NEW YORK (AP) -- A New York City police officer accused of standing lookout while his partner raped a drunken woman gave his first public account of the incident Friday, telling a jury that they repeatedly visited the alleged victim's apartment that night because they were concerned about her health, not because they planned to attack her.

"We weren't doing anything wrong," Officer Franklin Mata said of the encounter with the woman in 2008.

Mata and partner Kenneth Moreno are on trial in Manhattan on charges that they carried out a perverse assault on the semi-conscious woman hours after escorting her home when she was unable to get out of a taxi, due to excessive intoxication. Earlier in the trial, the woman testified that she passed out and awoke to find one of the officers removing her clothing.

In his testimony on Friday, Mata said he wasn't involved in any assault on the woman, but he acknowledged some unusual conduct on the night of the incident.

He said that after seeing the woman home, Moreno took her keys, intending to come back later during the night. Mata said his partner had immediately struck up a friendly relationship with the woman, and that taking the keys was her idea.

"She basically asked that we come back and check up on her through the night," he testified. "She told us we could take the keys.

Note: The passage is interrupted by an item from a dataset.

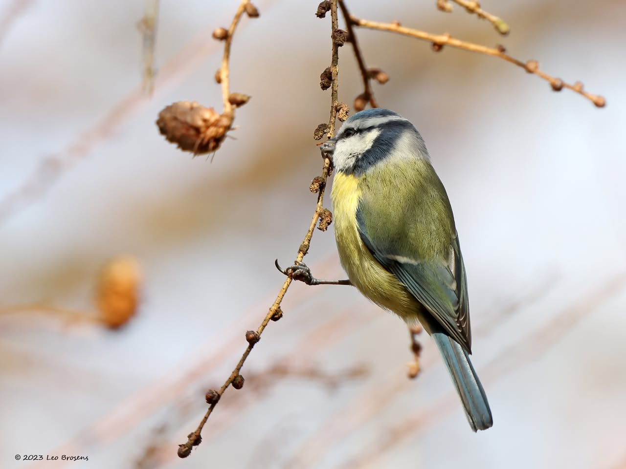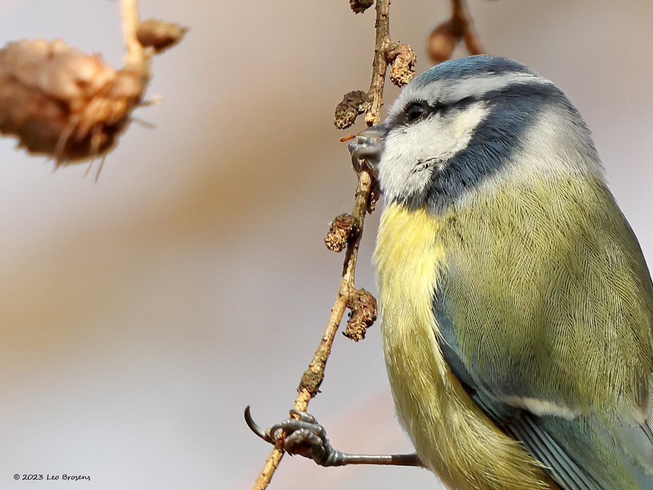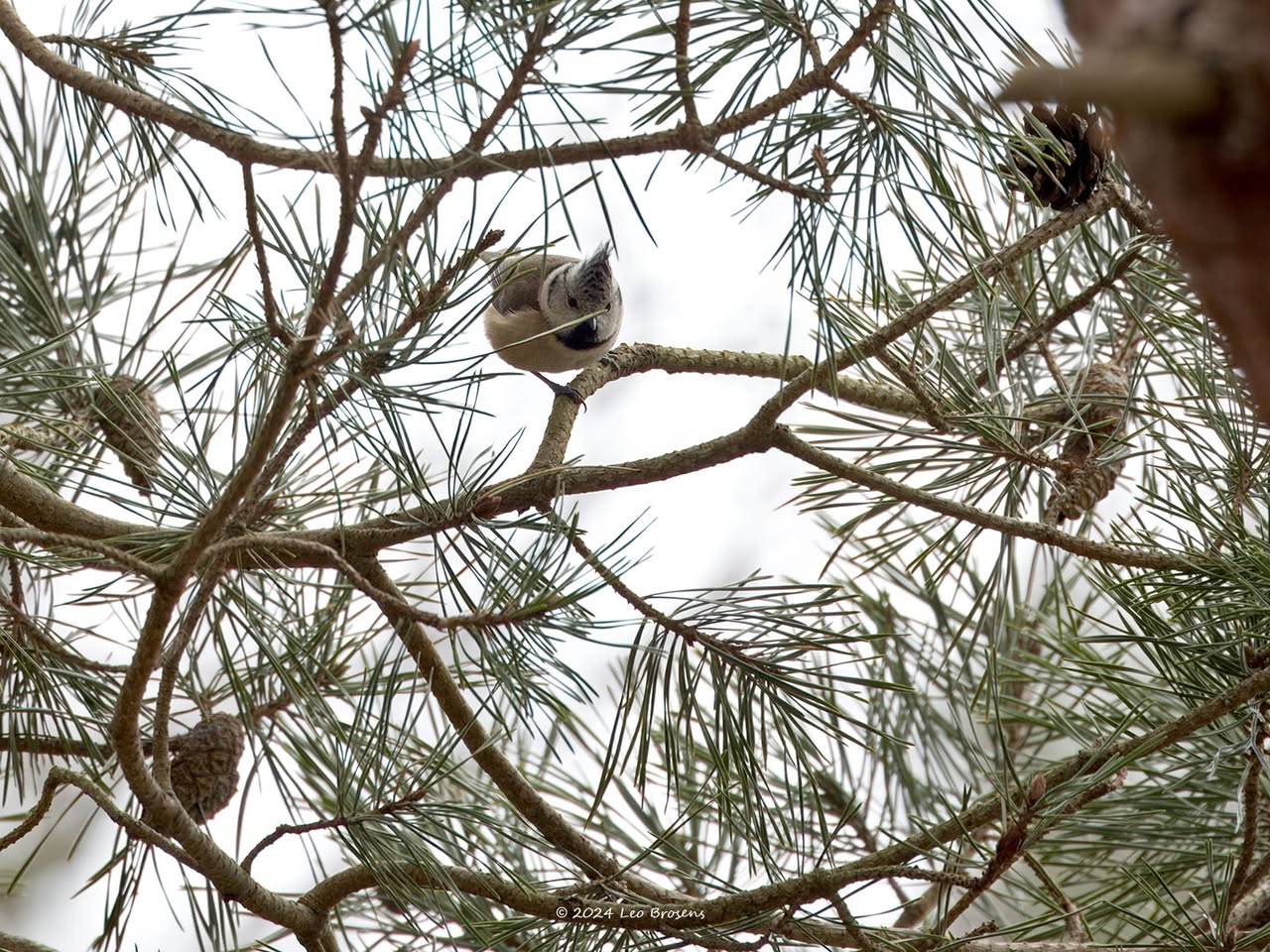 Niet alleen sijsjes zoeken in wintertijd naaldbomen af op iets eetbaars, ook pimpeltjes doen dat. Zo kon ik dit pimpeltje tijdens dat werk vastleggen. Bij goed kijken zag ik dat hij of zij iets aan de haak geslagen had, iets met de snavel te pakken had. Is dat nu een zaadje of een larfje, ze lusten beide nu. Ik denk een larfje, een heel klein rupsje?

Ken took the keys."

He also claimed that the woman, while drunk, was alert and able to make conversation.

"Ken was telling her about his past drinking problem and about how he had a drinking problem at one point and he was fighting for custody of his daughter and he had to make a decision to stop drinking," he said. "Their conversation seemed very friendly, even a little flirty at times."

The officers would ultimately return to the apartment three times during the night, all while they were on duty.

Prosecutors claim that Moreno set the stage for one of those visits by making a bogus 911 call to the police department, where he pretended to be a citizen complaining about a vagrant in a neighboring building.

Mata said he had no knowledge of the call at the time, but later recognized his partner's voice when he heard a recording.

Assistant District Attorney Coleen Balbert asked why the officers had repeatedly returned to the woman's home, if, as they claimed, she was sober enough to take care of herself.

"Ken was more concerned about her emotional state than he was about her physical state," Mata said.

Mata said that during one of the visits, he fell asleep watching television. He said he woke up when his partner tapped him on the shoulder and told him it was time to go.